Payne Brendan A I, Gardner Kristian, Coxhead Jonathan, Chinnery Patrick F
Mitochondrial Research Group, Institute of Genetic Medicine, Newcastle University, International Centre for Life, Central Parkway, Newcastle-upon-Tyne, NE1 3BZ, UK,
Methods Mol Biol. 2015;1264:59-66. doi: 10.1007/978-1-4939-2257-4_6.

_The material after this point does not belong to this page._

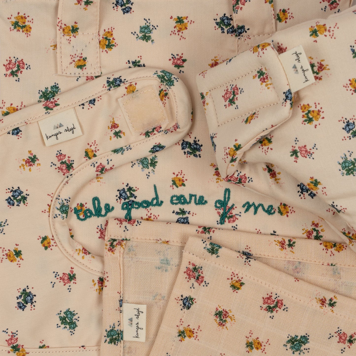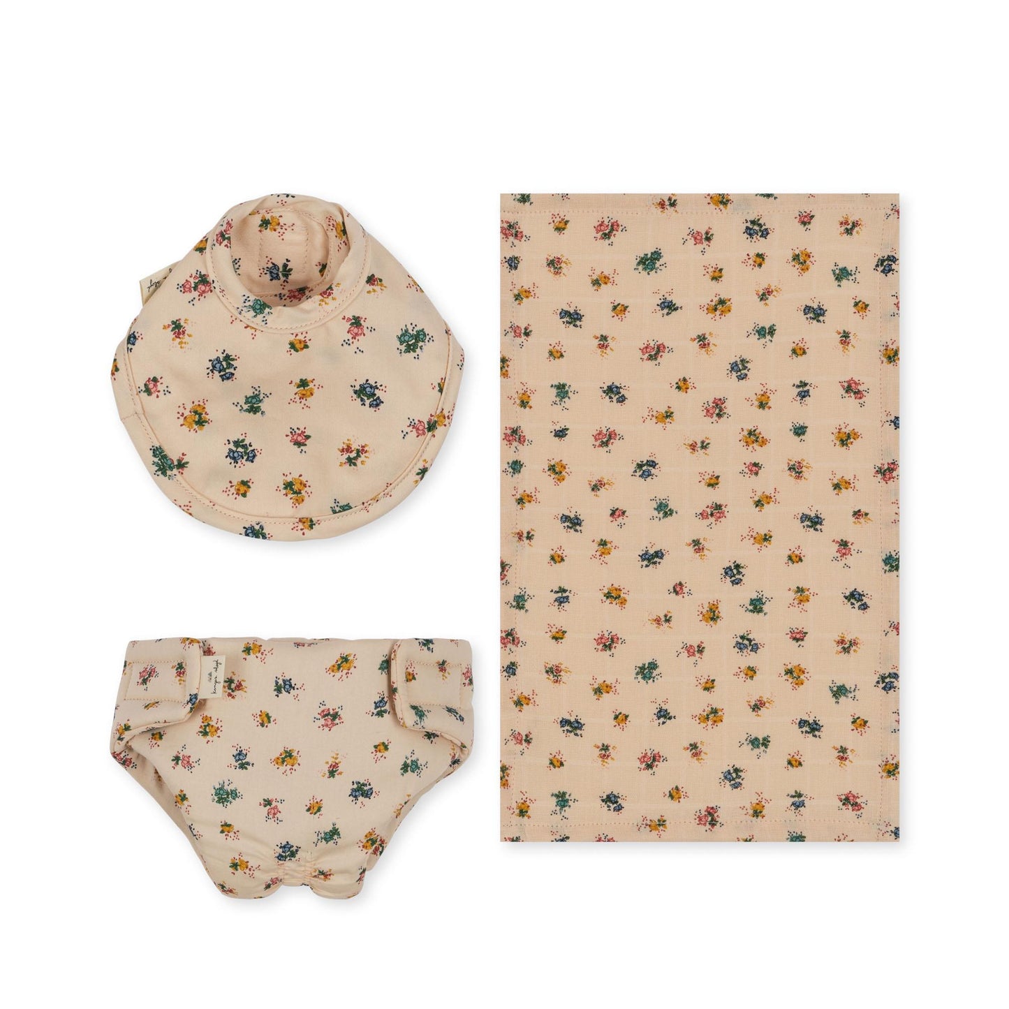 A complete nursery set for your child's favorite doll. Includes a bib, a diaper with velcro closure, and a soft cotton cloth. Made of 100% organic cotton. Bib: H 8.5 cm x W: 17 Bag: H: 28 cm x W: 19 cm Diaper: Waist width 17 cm Fits dolls size 35 cm and up WARNING! CHOKING HAZARD - Small parts. Not suitable for children under 3 years. 3 yr +

Detecting and quantifying low-level variants in mitochondrial DNA (mtDNA) by deep resequencing can lead to important insights into the biology of mtDNA in health and disease. Massively parallel ("next-generation") sequencing is an attractive tool owing to the great depth and breadth of coverage. However, there are several important challenges to be considered when using this method, in particular: the avoidance of false discovery due to the unintended amplification of nuclear pseudogenes and the approach to delineating signal from noise at very great depths of coverage. Here we present methods for whole mtDNA genome deep sequencing (Illumina MiSeq) and short amplicon deep sequencing (Roche 454 GS-FLX).
通过深度重测序检测和定量线粒体DNA(mtDNA)中的低水平变异,可深入了解mtDNA在健康和疾病中的生物学特性。由于覆盖深度和广度大,大规模平行(“下一代”)测序是一种有吸引力的工具。然而,使用该方法时需考虑几个重要挑战,特别是:避免因核假基因的意外扩增导致的假阳性发现,以及在极深覆盖度下区分信号与噪声的方法。在此,我们介绍了用于全mtDNA基因组深度测序(Illumina MiSeq)和短扩增子深度测序(Roche 454 GS-FLX)的方法。